What does this mean?

This means a field is some set with a structure that behaves similarly to how arithmetic with the reals works. The above rules encode these familiar behaviours in a general way. This is analogous to an interface / type class with extra laws to obey.

Some familiar examples are the reals, fractions, and complex numbers, with the usual addition and multiplication.

Isomorphisms

One further concept is that of an isomorphism.

Given two fields \( \mathcal{F} \), \( \mathcal{G} \), an isomorphism between them is an invertible function \( f : \mathcal{F} \to \mathcal{G} \) such that:

This just says that an isomorphism is a relabelling that preserves the structure.

Galois fields

Galois fields, are fields that have finitely many elements.

There is exactly one field (up to isomorphism) of size \( p^n \), for each \( p \) prime, \( n \geq 1 \), we write this field as \( \text{GF}(p^n) \).
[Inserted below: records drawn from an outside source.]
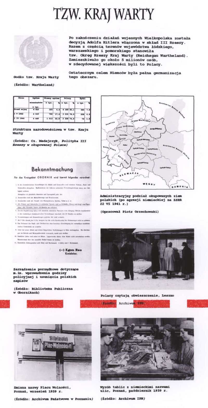 Wystawę tworzą 32 plansze wypełnione dokumentami, fotografiami i komentarzem historycznym. Część zdjęć pochodzi z archiwów IPN, pozostałe – w większości publikowane po raz pierwszy – pracownicy poznańskiego OBEP odnaleźli w wielkopolskich archiwach i muzeach regionalnych. Oryginalna scenografia, przygotowana przez poznańskich plastyków – Agnieszkę Gierach, Karola Furyka i Piotra Rogalińskiego – nawiązuje do niemieckich planów całkowitej germanizacji tzw. Kraju Warty, który miał być przemieniony we wzorcowy okręg Rzeszy zarządzany przez Arthura Greisera.
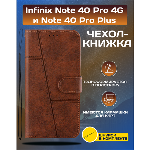 Чехол книжка wallet case на Infinix Note 40 Pro 4G и Note 40 Pro Plus (Тёмно-коричневая)
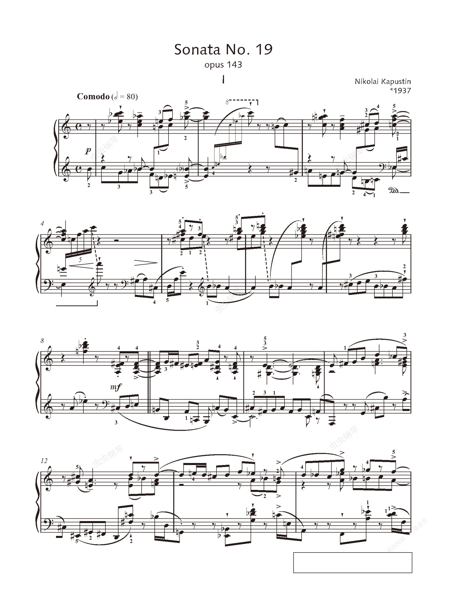钢琴谱:爵士奏鸣曲 No.19 Op.143 第一乐章
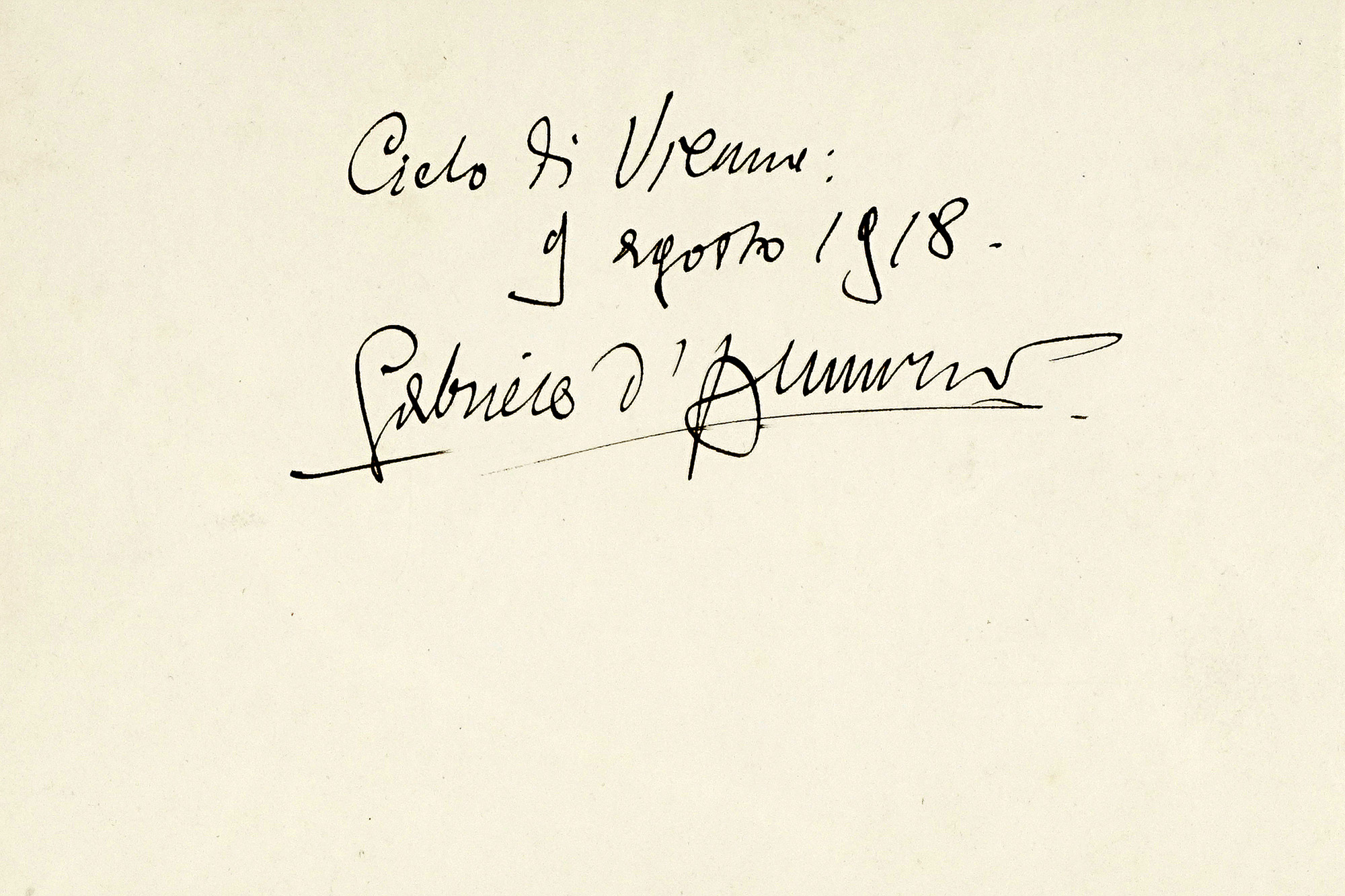 Manoscritto a inchiostro nero. D'annunzio scrive: Cielo di Vienna / 9 agosto 1918 / Gabriele d'Annunzio. Dimensioni 149x214 mm. (1)
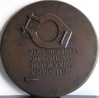 GARCIALORCA (reverso) Fotografía de la cara de una medalla, donde se aprecia una lira con las cuerdas rotas (donde a aprovechado el artista para firmar) junto a la leyenda que dice”Viva [la] moneda que nunca se volverá a repetir”.Sin mas referencias. Otros Archivos.: MBO/518

There are no finite fields that have a non prime power number of elements.

A nice family of examples are the \( \text{GF}(p) \), these can be easily realised as integers modulo \( p \). In particular another familiar realisation of \( \text{GF}(2) \) is as \( \{\text{true},\;\text{false}\} \) with \( + = XOR \) and \( \cdot = AND \).
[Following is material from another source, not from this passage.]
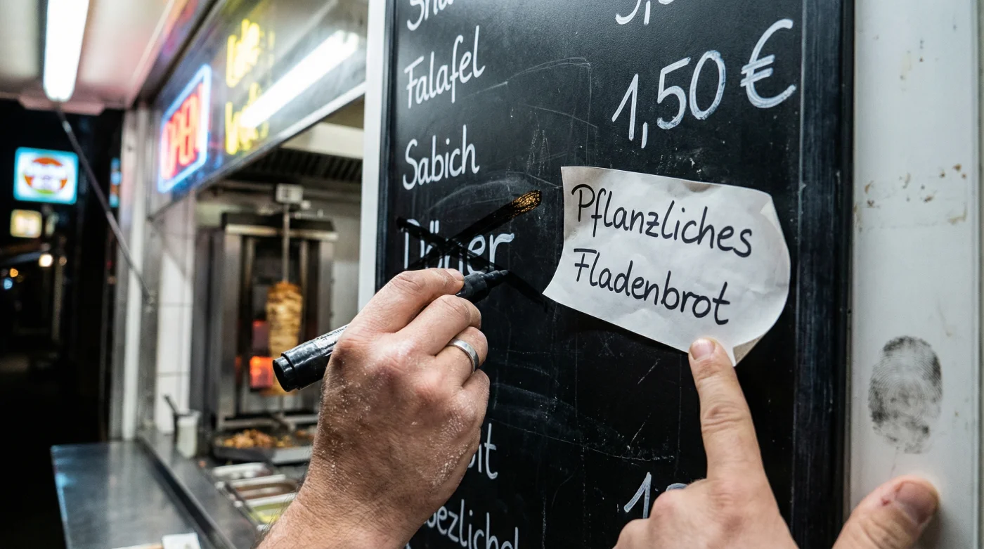 Es ist Freitagabend. Du stehst vor dem beleuchteten Schaufenster deines Lieblingsimbisses um die Ecke. Der Geruch von geröstetem Kreuzkümmel, warmem Fladenbrot und scharfem Paprikapulver liegt schwer in der kalten Abendluft. Das vertraute Surren des elektrischen Messers schneidet durch das Rauschen des Stadtverkehrs, während das Fett leise auf den Grill tropft. Dein Blick wandert über die leuchtende Menütafel, auf der Suche nach deinem Stammgericht. Doch dort, wo gestern noch in klaren Lettern “Veganer Döner” stand, klebt heute ein provisorischer Streifen schwarzes Isolierband. Ein hastig mit Kreide geschriebenes “Pflanzliche Drehspieß-Art im Fladenbrot” prangt direkt daneben. Du blinzelst. Was sich im ersten Moment wie ein schlechter Scherz deines Kiez-Gastronomen anfühlt, ist in Wahrheit die stille, aber gewaltige Ankunft eines neuen Lebensmittelgesetzes, das die deutsche Gastronomie über Nacht verändert hat.

The best method of realising \( \text{GF}(p^n) \) is using polynomials.

Polynomial rings

A commutative ring is a structure like a field except multiplication doesn't need to have inverses.

A polynomial ring over a field \( \mathcal{F} \), written \( \mathcal{F}[X] \), is all the expressions of the form \( a_0 + a_1X + \cdots + a_nX^n \) with the \( a_i \in \mathcal{F} \). Equivalently arbitrary finite length tuples with components in \( \mathcal{F} \). The symbol \( X \) is called an indeterminate and doesn't mean anything, it's a convenient way of tracking indices and makes the definition of multiplication nice.

Addition is just termwise.

Multiplication is expand the product and rewrite \( X^nX^m \) as \( X^{n + m} \).

An irreducible polynomial is a non-constant polynomial that doesn't factor into the product of non-constant polynomials.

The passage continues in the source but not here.